Write out the lines below exactly, beginning at the one with "FLIR Thermal Studio Pro 1 year Subscription" and stopping after the one with "Public Consultation Meeting"; the pictures are not copied.

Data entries

--------------------------------

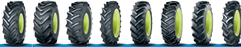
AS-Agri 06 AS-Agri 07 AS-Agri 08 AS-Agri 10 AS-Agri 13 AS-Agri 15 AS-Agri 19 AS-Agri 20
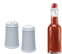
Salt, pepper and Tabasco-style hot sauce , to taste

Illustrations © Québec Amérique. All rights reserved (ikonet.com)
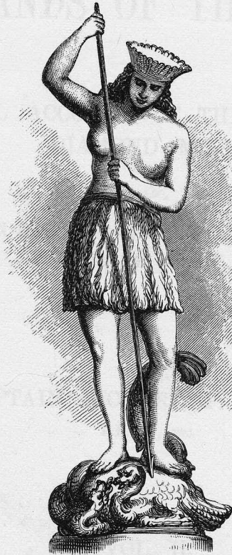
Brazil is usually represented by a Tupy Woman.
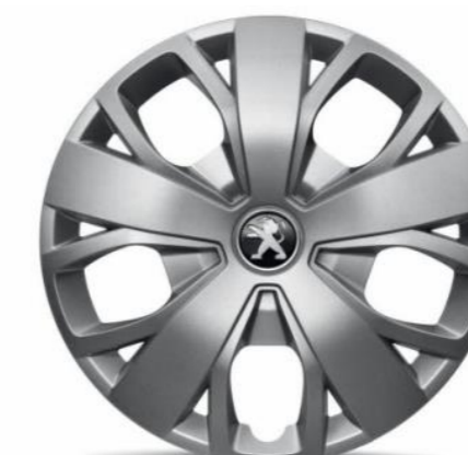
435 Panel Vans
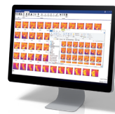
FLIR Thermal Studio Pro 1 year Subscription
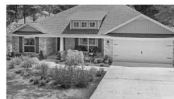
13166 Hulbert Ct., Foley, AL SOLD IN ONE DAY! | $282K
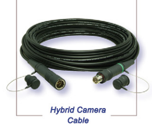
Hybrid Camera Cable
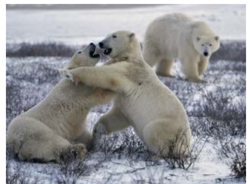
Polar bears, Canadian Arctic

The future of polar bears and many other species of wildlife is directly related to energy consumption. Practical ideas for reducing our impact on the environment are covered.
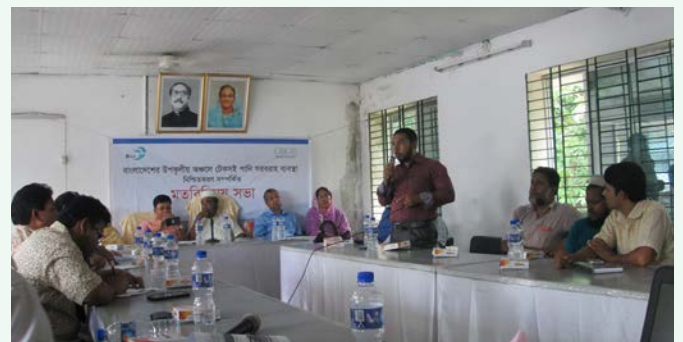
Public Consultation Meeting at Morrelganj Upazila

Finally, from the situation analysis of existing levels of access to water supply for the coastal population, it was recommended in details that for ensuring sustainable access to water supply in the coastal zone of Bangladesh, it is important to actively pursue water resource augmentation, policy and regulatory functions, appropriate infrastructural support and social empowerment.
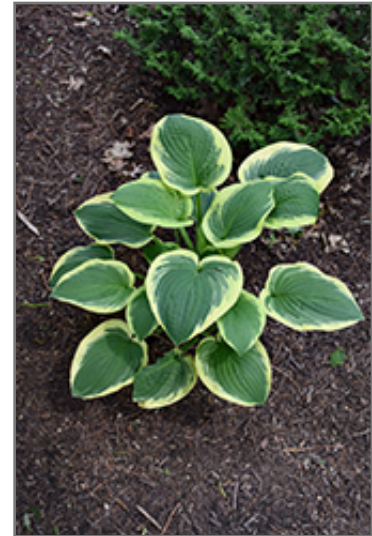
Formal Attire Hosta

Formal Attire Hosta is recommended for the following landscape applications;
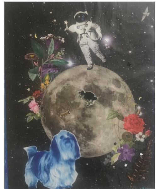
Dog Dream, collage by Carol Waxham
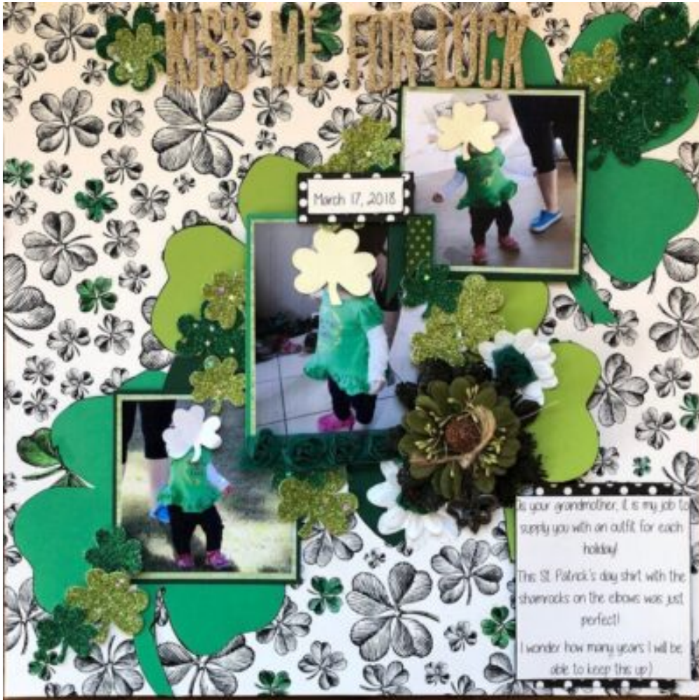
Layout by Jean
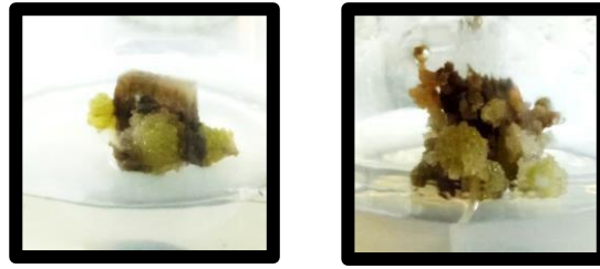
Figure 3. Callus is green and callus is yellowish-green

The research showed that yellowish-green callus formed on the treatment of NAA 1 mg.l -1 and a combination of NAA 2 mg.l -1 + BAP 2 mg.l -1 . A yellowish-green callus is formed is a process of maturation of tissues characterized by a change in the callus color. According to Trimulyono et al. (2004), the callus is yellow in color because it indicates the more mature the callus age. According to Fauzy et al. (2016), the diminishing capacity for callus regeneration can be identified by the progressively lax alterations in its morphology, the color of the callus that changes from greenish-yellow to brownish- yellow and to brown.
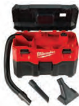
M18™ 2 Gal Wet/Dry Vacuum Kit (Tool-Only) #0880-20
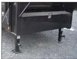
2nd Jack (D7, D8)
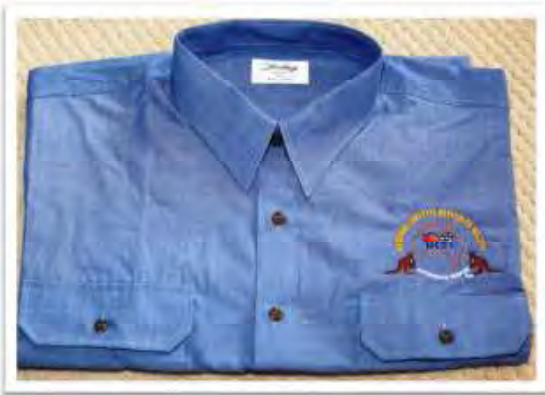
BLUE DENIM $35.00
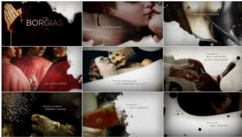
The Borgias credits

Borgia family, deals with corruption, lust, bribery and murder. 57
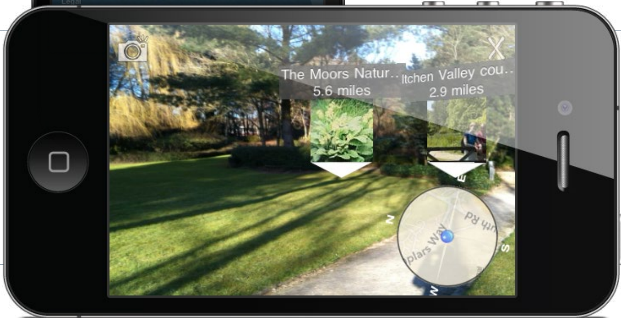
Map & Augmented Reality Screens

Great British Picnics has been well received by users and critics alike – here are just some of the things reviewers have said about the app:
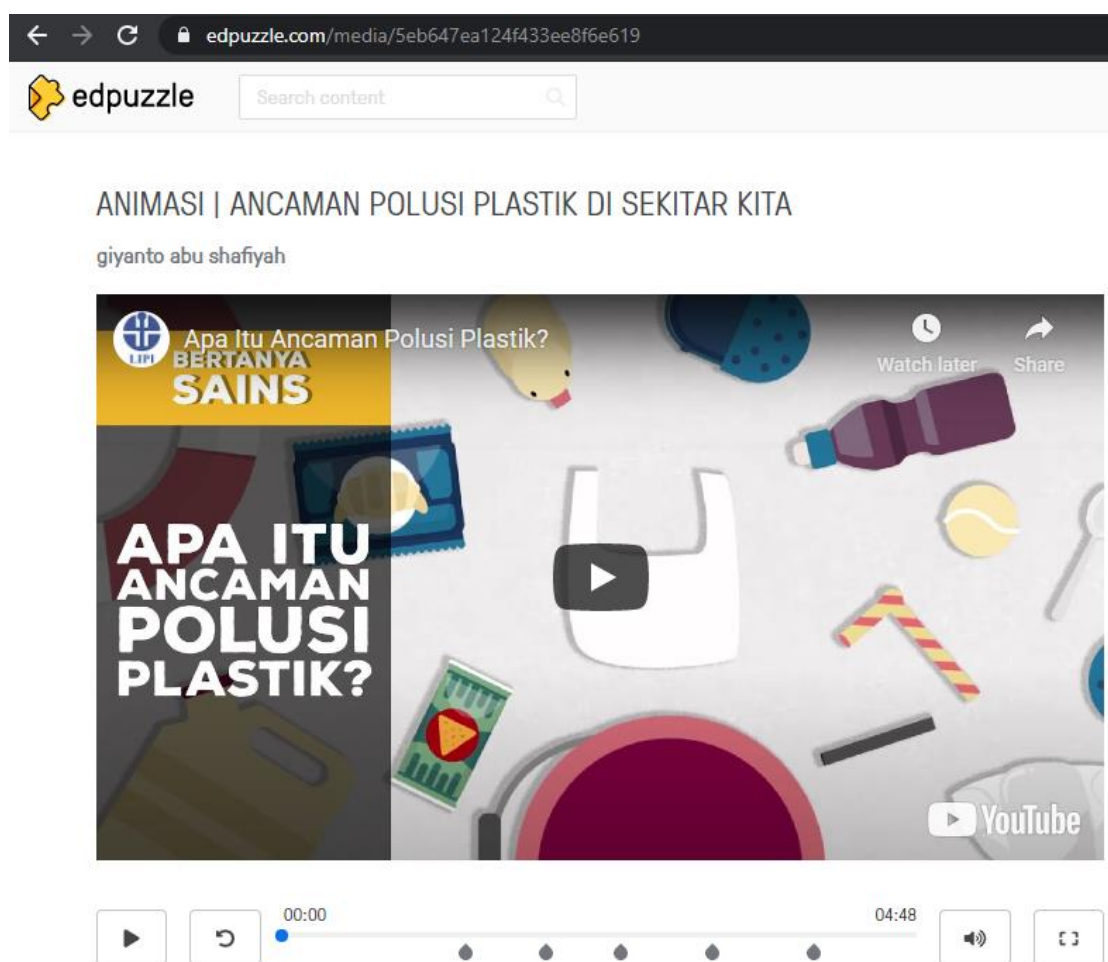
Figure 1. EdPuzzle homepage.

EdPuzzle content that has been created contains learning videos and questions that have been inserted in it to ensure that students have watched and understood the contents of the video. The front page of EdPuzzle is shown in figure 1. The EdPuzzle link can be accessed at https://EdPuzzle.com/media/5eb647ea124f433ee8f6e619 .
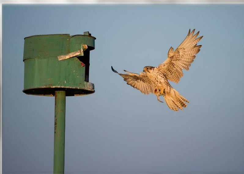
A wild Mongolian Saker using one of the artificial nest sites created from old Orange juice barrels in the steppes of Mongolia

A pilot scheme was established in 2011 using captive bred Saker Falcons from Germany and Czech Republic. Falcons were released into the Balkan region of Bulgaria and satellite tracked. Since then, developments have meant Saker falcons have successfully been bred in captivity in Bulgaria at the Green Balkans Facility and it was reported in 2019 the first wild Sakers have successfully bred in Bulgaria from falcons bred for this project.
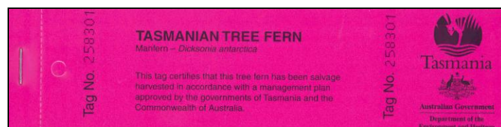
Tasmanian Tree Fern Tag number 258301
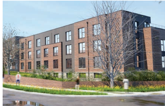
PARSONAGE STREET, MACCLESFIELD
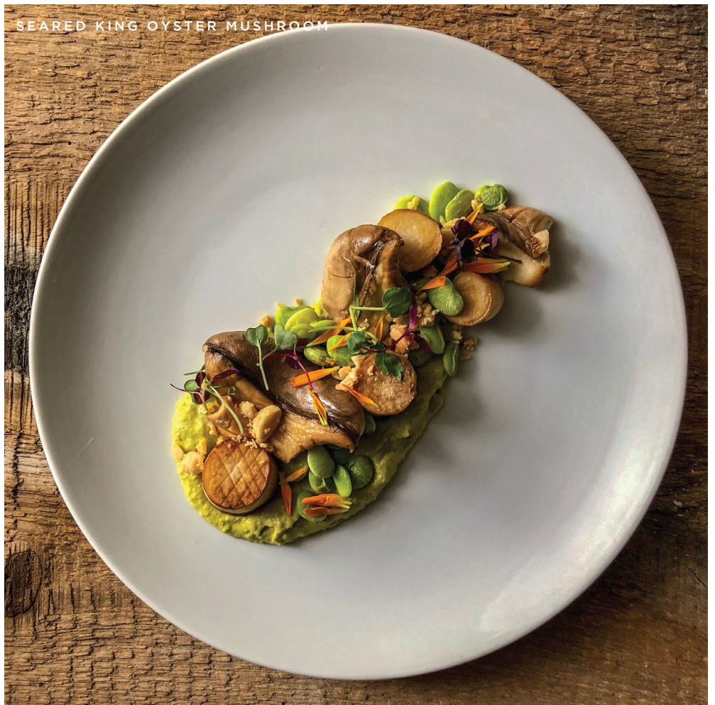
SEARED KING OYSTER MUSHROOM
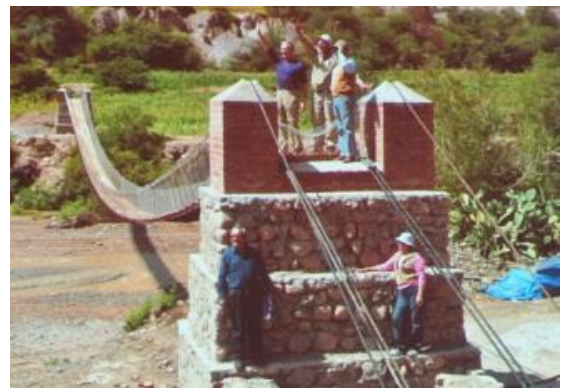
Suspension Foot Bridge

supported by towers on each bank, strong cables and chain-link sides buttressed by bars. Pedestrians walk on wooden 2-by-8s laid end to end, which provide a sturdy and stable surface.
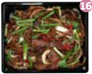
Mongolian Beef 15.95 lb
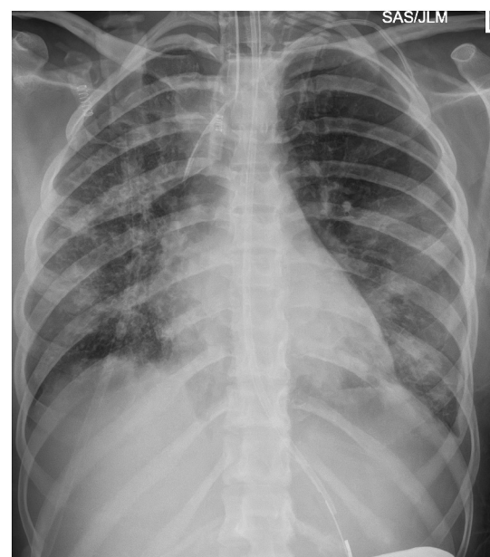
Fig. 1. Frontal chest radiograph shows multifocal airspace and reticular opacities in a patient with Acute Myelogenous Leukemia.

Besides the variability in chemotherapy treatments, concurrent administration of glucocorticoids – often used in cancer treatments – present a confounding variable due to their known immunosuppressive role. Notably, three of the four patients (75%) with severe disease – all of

--------------------------------

--- ANSWER SECTION ---
FLIR Thermal Studio Pro 1 year Subscription
13166 Hulbert Ct., Foley, AL SOLD IN ONE DAY! | $282K
Hybrid Camera Cable
Polar bears, Canadian Arctic

The future of polar bears and many other species of wildlife is directly related to energy consumption. Practical ideas for reducing our impact on the environment are covered.
Public Consultation Meeting at Morrelganj Upazila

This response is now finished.